一个看模样大约四十的中年人,背对着离三,他一脚踩在凳面上,另一条腿不停地晃悠,手摸了摸赤脚片子,神情颇为得意。也确实该得意,光今天晚上,他赚的就有好几张棕色的伍圆,而这把,他又抓了一手好牌,赢是**不离十。

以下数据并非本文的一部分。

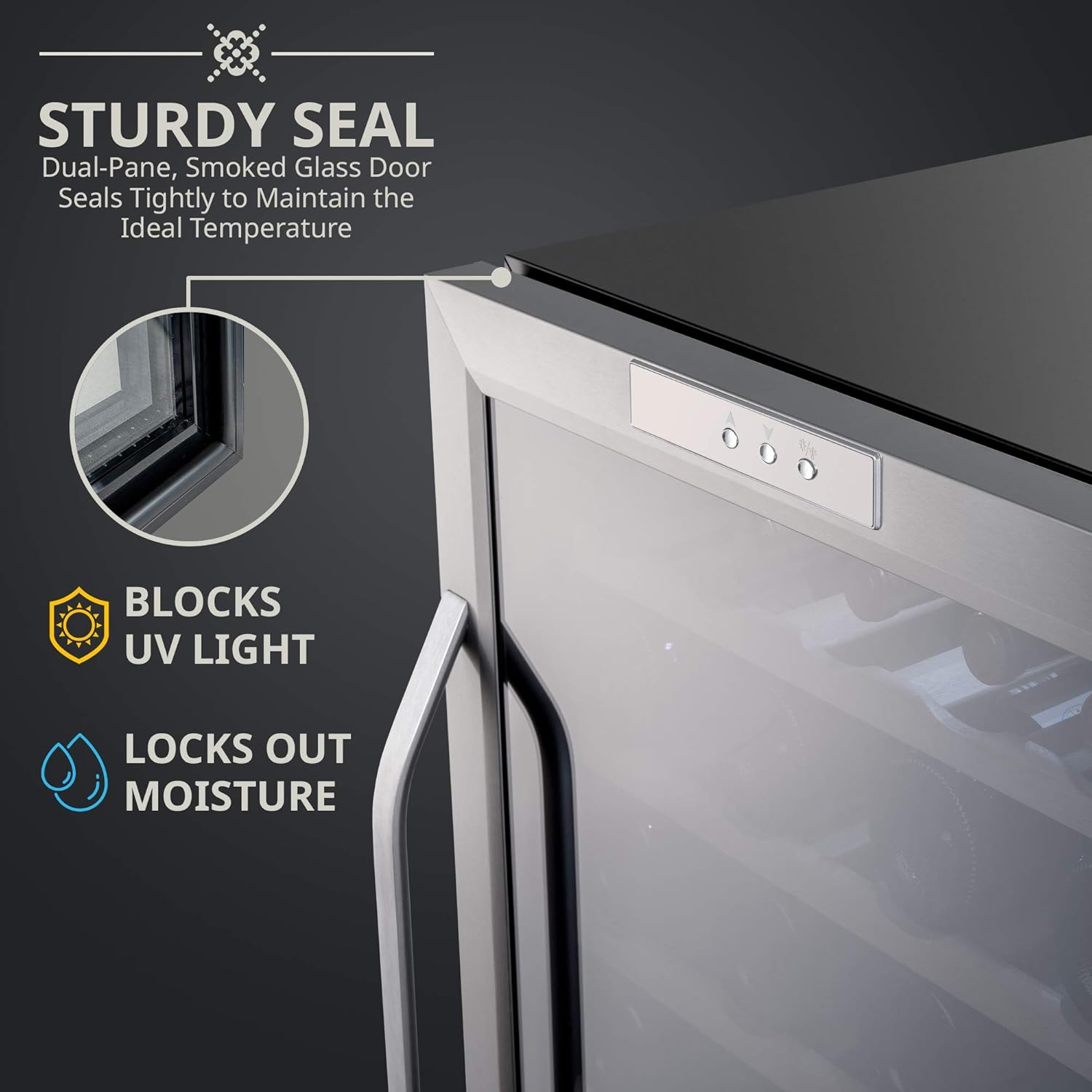 - UV-RESISTANT DOUBLE-PANED THERMOPANE GLASS - A double-paned glass door not only keeps the interior insulated, but also protects your collection from harmful UV light that can damage the tannins and overall flavor of your wine.

坐在他右手边的,一边理牌,一边嘟囔:“嘿,老孙,你今天的手气够邪乎的!”
“是挺邪门,连着三把,把把王炸带炸弹。”
坐老孙左手边的歪着脑袋,耷拉肩膀,看上去有些散漫。“哎,老孙,你该不会出老千吧?”
“啥!手气旺就是出老千,这是嘛道理!”
一听怀疑他作弊,老孙出牌的手顿了顿,瞪大着眼看向交好的牌友,冲他们发火说:“我说老王,你好歹跟俺老孙打了这么久的牌,俺啥牌品你还不清楚?”
老王瘪瘪嘴,发酸说:“那也不该把把这样啊!”
“咋滴!听你的意思,还觉着俺出千?”
老孙当即一拍桌子,举起手作赌誓状,“好,那俺发誓。小李,老王,亮子,你们都给俺作个见证。要是俺当真出老千的话,那俺就是他、娘是后娘养的,生……”
“嗳,老王他不是输红了眼瞎说糊话嘛!老孙,快把手搁下,别扫了打牌的兴。”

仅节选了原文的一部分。